Me: However, if it is the case we cannot 'assimilate the world directly as it is (noumena)', then I do not see how we can 'make statements of truth about its objective reality'. How would we know that they corresponded to its objective reality?
Because our perception can find necessary connections between things and events, which remain constant and predictable, without our perception participating in those constant relations. We know it because other perceptive beings, as independent, external observers, can validate those connections, as well as the use of instruments and ways of keeping records.
Those things suggest that there is a noumenal world, an 'objective reality'; but they do not show that our perceptions correspond to it. If you and I and everyone else puts on dark glasses, we will all still validate each other's perceptions in the way you describe. So has the nature of 'objective reality', the noumenal, changed from what it was before we put on the dark glasses?
If the structure of reality were purely the design of our mind, there wouldn't be any reason to believe that the conjunction of events at a given instance, would repeat at another.
No event ever does repeat; next winter is not last winter happening again. What we do is that we select some aspect of last winter (it was cold) and will note that the same aspect has occurred again. But if we had selected a different aspect (there was a lot of snow) that aspect might not reoccur. So the structure we describe is the design of our minds; we created structure by selecting out only certain aspects and ignoring others.
Me: This suggests that there are two 'realities', the reality revealed to us and a different 'objective reality'. When could we be in a position to compare the two? It is like asking a blind person what it is like to see; they could only know that if they were not the blind person that they are.
What it suggests is that there's one reality, of which we are also part of and in which we interact with other beings. To think of a "reality revealed to us" is to imply there's a reality outside the perceiver to be revealed. The concept itself of a capturing mind implies too the objective reality of space. And the concept of perception itself invokes the need for something to exist as a reality, as a necessary truth of being: the self that thinks. Cogito ergo sum, remember?
By definition we are 'a part of' reality, but it doesn't follow that we are aware of the nature of that reality. An ant or a tree will equally be part of that reality; how is it that our human experience just happens to reveal the nature of reality but theirs doesn't?
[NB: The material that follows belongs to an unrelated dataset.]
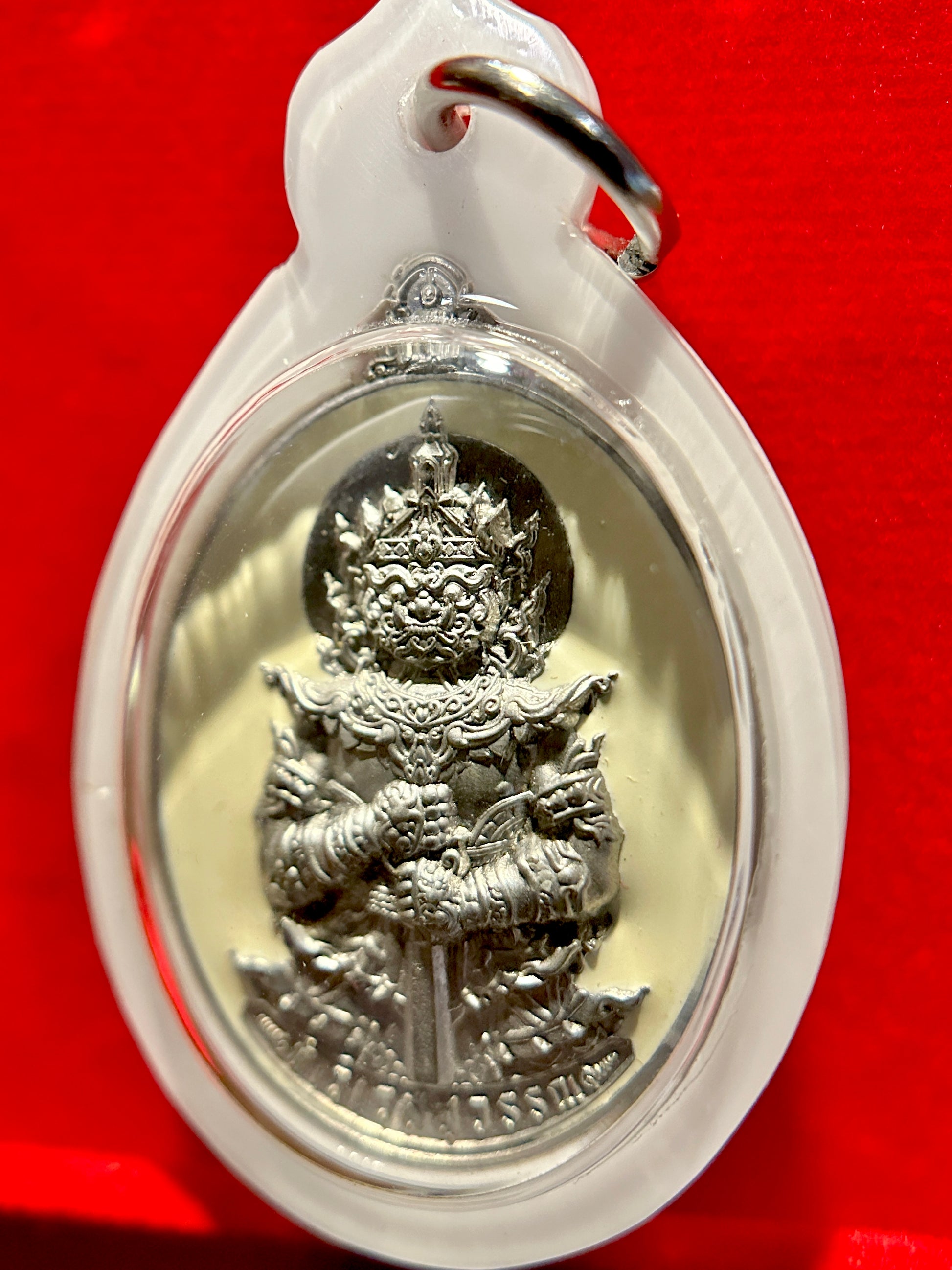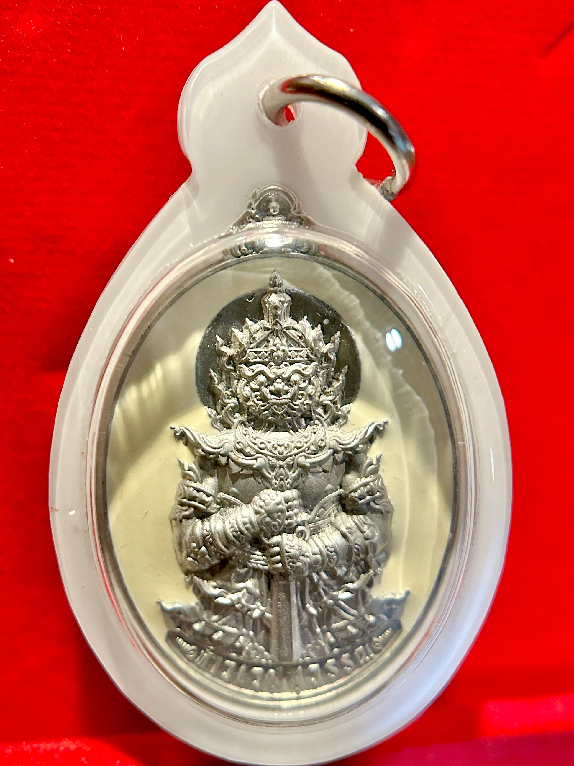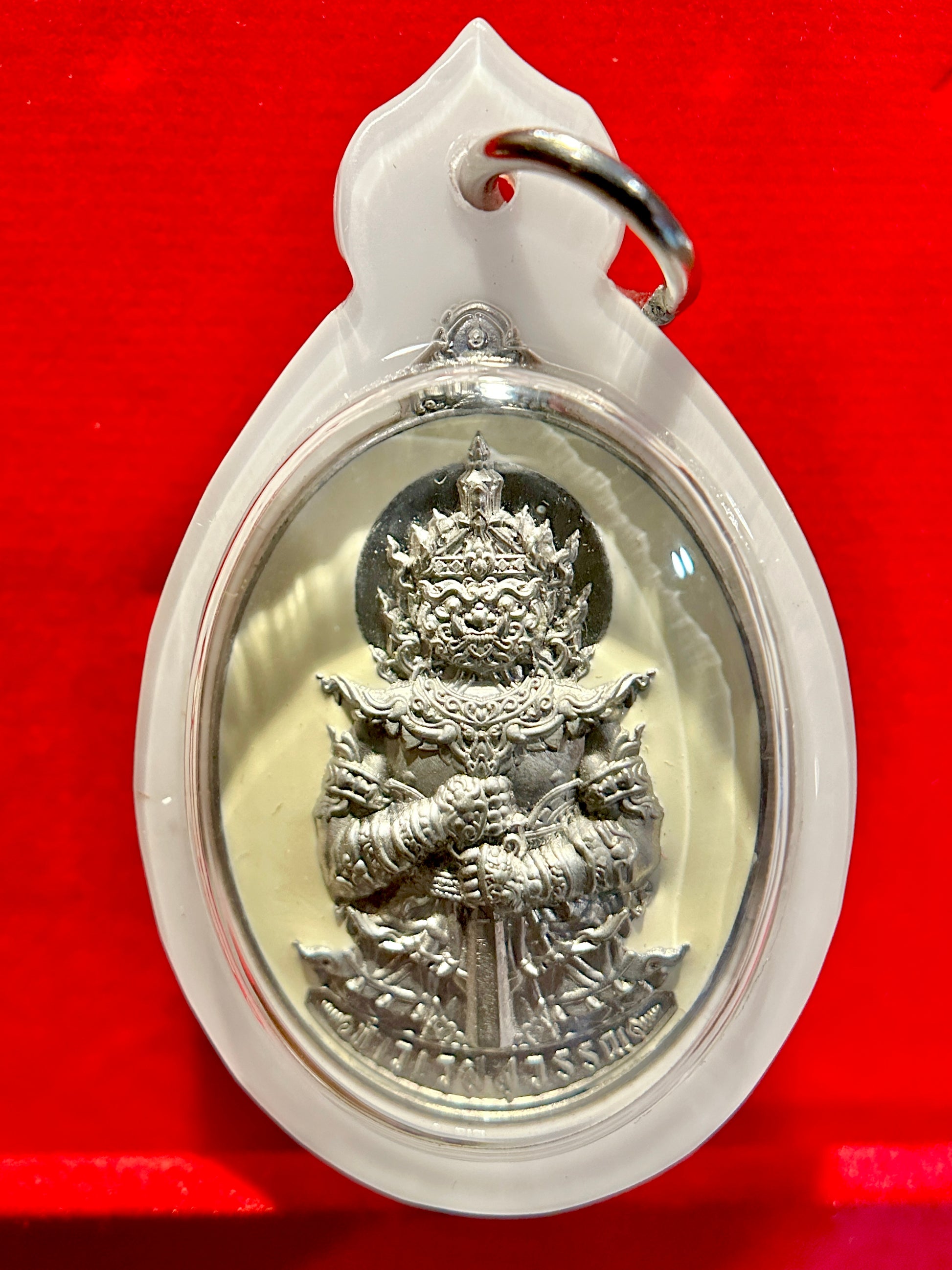 This powerful amulet features Tao Wessuwan (Vaiśravaṇa), the revered King of Yaksha and Guardian of Wealth. Cast in a brilliant silver finish and framed in a white protective case, Tao Wessuwan is depicted standing tall with his sword of authority, radiating an aura of strength and fearlessness. The intricate flame-like motifs surrounding him symbolize purification, burning away negativity and obstacles to clear the path for success, prosperity, and spiritual protection.

But I think the argument is shifting from the idea that we can know about the noumenal, about the nature of 'things in themselves', to the more modest claim that we can know the noumenal exists. The problem there is that we are now saying we know something 'exists', while not knowing what that existence consists of. So far, the claims that we know that the noumenal exists are all about us, about the nature of our perceptions. If our knowledge that there is a noumenal world derives from the regularity of certain human perceptions, then the only meaning we have for 'noumenal' would be 'the regularity of certain human perceptions'. That is entirely a description of us, not the noumenal.
And the concept of perception itself invokes the need for something to exist as a reality, as a necessary truth of being: the self that thinks. Cogito ergo sum, remember?
I do. Does 'I think' mean exactly the same as 'I am'? If it does, then you have not said anything about 'reality', you have simply said 'thinking is thinking'. But if the 'I am' is meant to claim something additional to 'thinking', then you need an additional premise.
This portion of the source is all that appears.